In Süderende fuhr er langsam am Friedhof St. Laurentii vorbei. Dort gab es Grabsteine, auf denen die Lebensgeschichte seiner Vorfahren eingemeißelt war – und nun würde es bald neues Leben bei den Riewerts geben! Mit seinem Nachwuchs würde der Stab in der Familie weitergereicht. Er selbst rückte eine Generation weiter nach hinten, genau wie alle anderen in der Familie auch. Sönke drehte das Radio an, ein dänischer Sender war zu hören, der Moderator erzählte kichernd eine Geschichte, von der Sönke zwar nichts verstand, die aber wie Musik in seinen Ohren klang. Danach wurde ein Uralt-Titel von Roxette gespielt: Listen to your heart. Das war die erste CD gewesen, die er sich von seinem eigenen Taschengeld gekauft hatte. Damals war er elf gewesen. Sönke sang alle Strophen laut mit, und es gelang ihm gar nicht mehr runterzukommen. Eigentlich war dies die komplett falsche Stimmung für das ernste Gespräch, das ihm bevorstand.

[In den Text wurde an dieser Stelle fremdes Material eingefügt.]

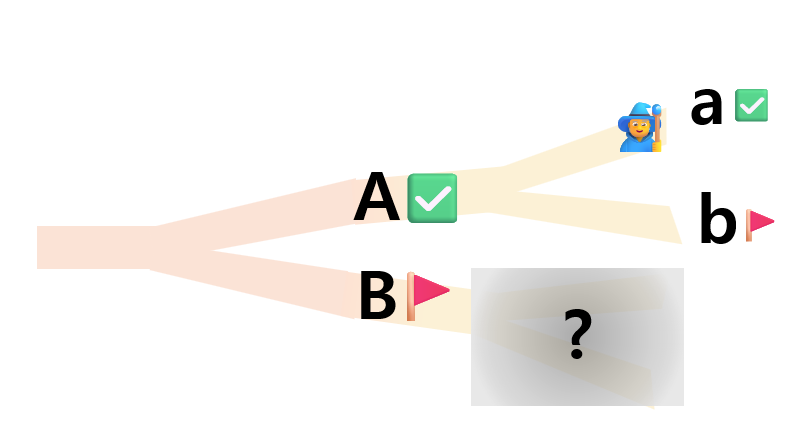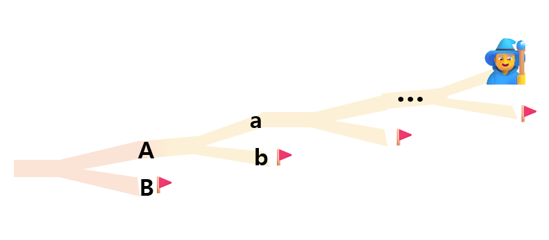등반 경로가 A로 갔을 때 다음 경로, B로 갔을 때 다음 경로로 나뉜다고 하자.
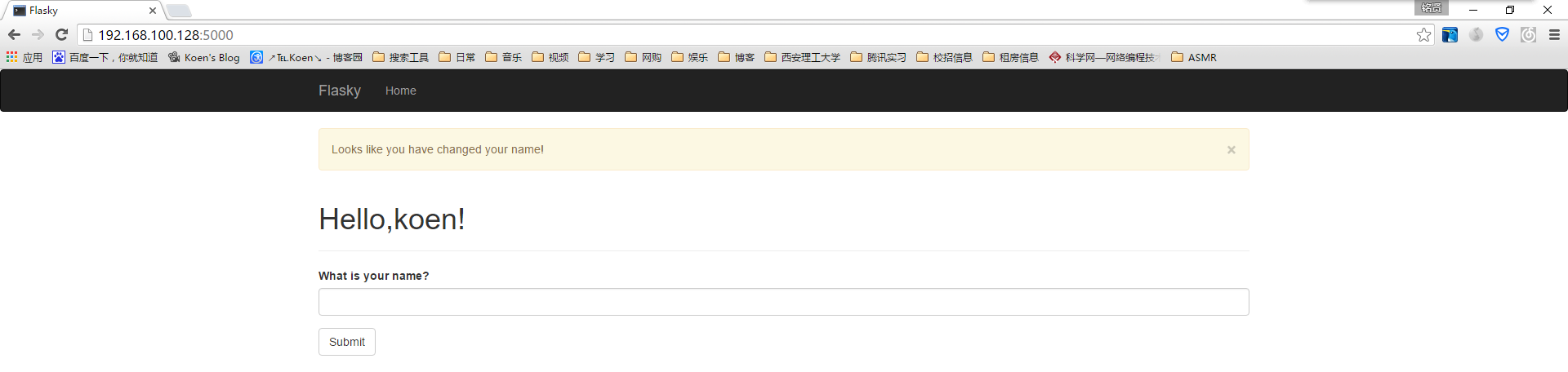 用户提交表单后,服务器收到一个包含数据的POST请求。validate_on_submit()会调用name字段上附属的Required()验证函数。如果名字不为空,就能通过验证,validate_on_submit()返回True。现在,用户输入的名字可通过字段的data属性获取。在if语句中,把名字赋值给局部变量name,然后再把data属性设为空字符串,从而清空表单字段。最后一行调用render_template()函数渲染模板,但这一次参数name的值为表单中输入的名字,因此会显示一个针对该用户的欢迎消息。

Als er den Ortseingang von Dunsum erreichte, traute er seinen Augen nicht. Seine Oma kam ihm leicht schwankend auf der Straße entgegen. Sie trug ihren alten roten Hosenanzug, der in der Landschaft leuchtete wie ein Warnsignal. Schritt für Schritt kämpfte sie sich voran. Sönke hielt sofort an und schaltete die Musik aus. Obwohl sie ihm gestern Abend am Telefon versichert hatte, dass sie mindestens vierundzwanzig Stunden schlafen würde, sah sie müde und matt aus. Im letzten halben Jahr war sie sehr gealtert, da gab es nichts zu beschönigen. Das Schlimme daran war: Man konnte nicht mehr damit rechnen, dass es noch mal besser wurde. Ihre gemeinsamen Touren nach Amsterdam, Berlin oder Venedig würden sich nicht wiederholen lassen, sie waren nichts als Erinnerungen, wenn auch besonders schöne. Der Raum, in dem seine Oma sich bewegen konnte, wurde immer enger und würde schließlich dem eines kleinen Kindes ähneln. Als Sönke aus dem Wagen sprang, erwischte ihn sofort eine frische Windböe, was ihm guttat.
«Na, Oma, trainierst du gerade?», rief er fröhlich.
«Meine Zwischenzeiten sind ziemlich im Keller», grummelte Imke mit einem Lächeln.
Er nahm seine Oma in den Arm. «Moin erst mal. Hü gungt et?»
«God.»
Was stark übertrieben sein durfte.
«Soll ich dich im Wagen mitnehmen?» Es waren zwar nur hundert Meter bis zum Haus, aber immerhin.
Imke schüttelte den Kopf und deutete auf sein Auto. «Bis ich mich bei dir auf den Sitz gepult habe, laufe ich die Strecke dreimal hin und zurück.»
Also parkte Sönke den Wagen an der Straßenseite und hakte sich bei seiner Oma unter. «Ist Christa zufällig da?»
«Ja, aber sie kann nicht mit dir sprechen.»
Das kam ziemlich schroff.
«Wieso nicht?»
Oma sah ihn prüfend von der Seite an: «Willst du mit ihr über mich schnacken?»
Sönke wurde heiß und kalt: erwischt!
«Sie ist immerhin deine Pflegerin, und ich soll mich offiziell um deine Angelegenheiten kümmern.»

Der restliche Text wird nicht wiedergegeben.